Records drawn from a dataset
──────────────────────────────
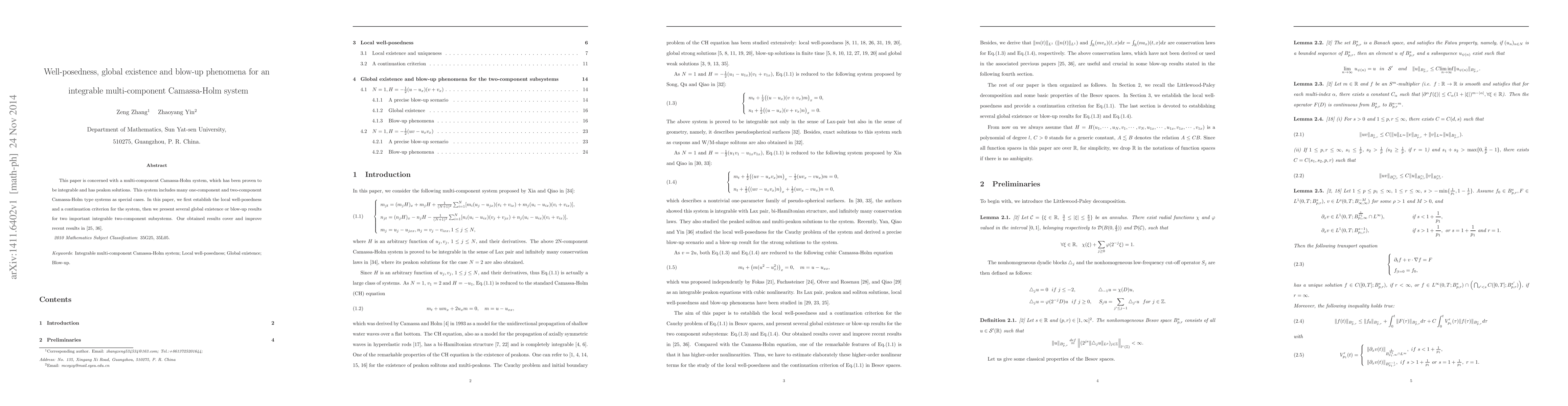 This paper investigates a multi-component Camassa-Holm system, establishing local well-posedness and global existence or blow-up results for specific subsystems, improving upon recent findings in existing literature.
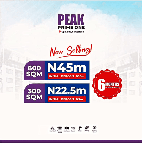 ₦45,000,000 for 600 sqm Peak Prime One Estate offers prime land located directly opposite the Lagos Business School, providing a strategic location for residential development.
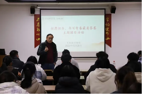 新闻中心讯(党委组织部供稿)为深入学习贯彻习近平总书记考察江西重要讲话精神,鼓励广大青年在大学中锚定奋斗目标,勇立时代潮头,积极投身国家发展事业,在学习实践中主动挺膺担当,开创未来。12月28日下午,校党委书记、督导专员陈付龙在艺术院党员活动室参加所联系班级22视传本科1班的主题团日活动,并为学生上了一堂思政课,艺术设计学院党团干部和22视传本科1班的全体同学参加了活动,并聆听思政课。
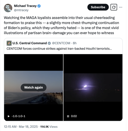 David Icke - Mar 18th 2025 2:04am EDT It took Trump *checks notes* less than two months to go from promising “No new wars,” to bombing Yemen and killing dozens of civilians, including several children, and openly threatening war against Iran… pic.twitter.com/1tgeFDwUMu — Rachel Blevins (@RachBlevins) March 17, 2025
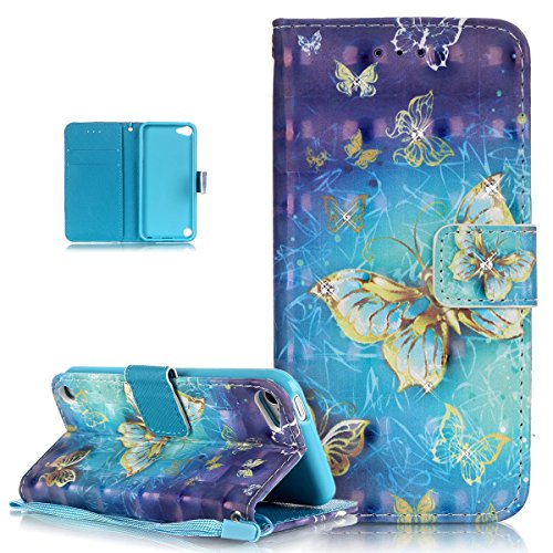 iPod Touch 6 Case,iPod Touch 5 Case,ikasus Shiny Glitter Diamond Colorful Art Painted PU Leather Flip Wallet Pouch Stand Credit Card ID Holder Case Cover for Apple iPod Touch 5/6,Blue Yellow Butterfly
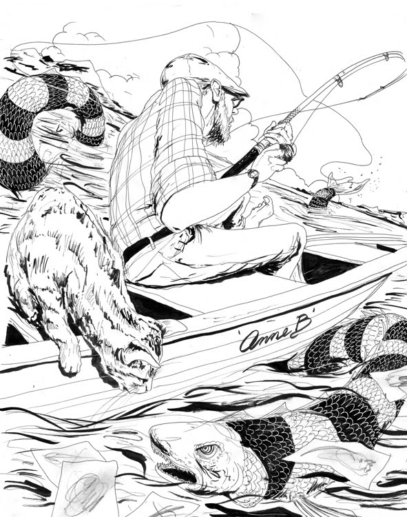 This piece was initially done with the WORK/LIFE theme in mind. I thought it’s funny to think of someone fishing. It’s like what we do. We fish for ideas. We don’t always come up with a winner or “the big one” but we still love the fact that we are able to do what we love.
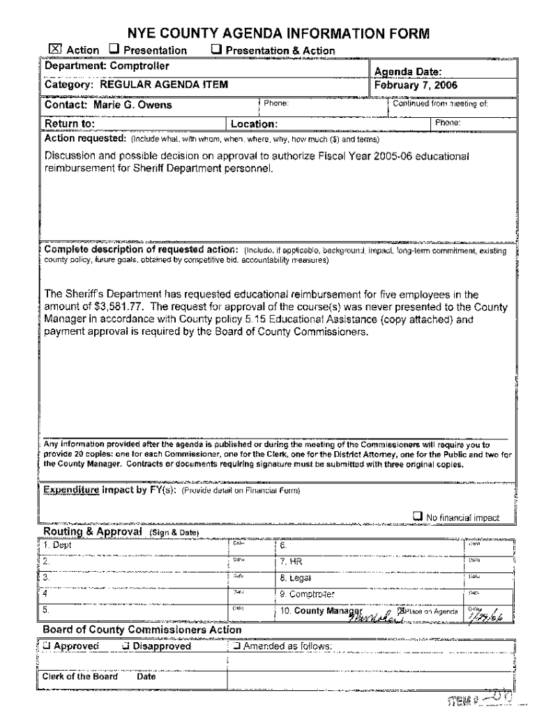 Get the free NYE COUNTY AGENDA INFORMATION FORM El Action Presentation Presentation ...
──────────────────────────────
Give again, exactly, the lines starting at the first entry above and ending at the line with "David Icke - Mar"; please leave pictures out.

 This paper investigates a multi-component Camassa-Holm system, establishing local well-posedness and global existence or blow-up results for specific subsystems, improving upon recent findings in existing literature.
 ₦45,000,000 for 600 sqm Peak Prime One Estate offers prime land located directly opposite the Lagos Business School, providing a strategic location for residential development.
 新闻中心讯(党委组织部供稿)为深入学习贯彻习近平总书记考察江西重要讲话精神,鼓励广大青年在大学中锚定奋斗目标,勇立时代潮头,积极投身国家发展事业,在学习实践中主动挺膺担当,开创未来。12月28日下午,校党委书记、督导专员陈付龙在艺术院党员活动室参加所联系班级22视传本科1班的主题团日活动,并为学生上了一堂思政课,艺术设计学院党团干部和22视传本科1班的全体同学参加了活动,并聆听思政课。
 David Icke - Mar 18th 2025 2:04am EDT It took Trump *checks notes* less than two months to go from promising “No new wars,” to bombing Yemen and killing dozens of civilians, including several children, and openly threatening war against Iran… pic.twitter.com/1tgeFDwUMu — Rachel Blevins (@RachBlevins) March 17, 2025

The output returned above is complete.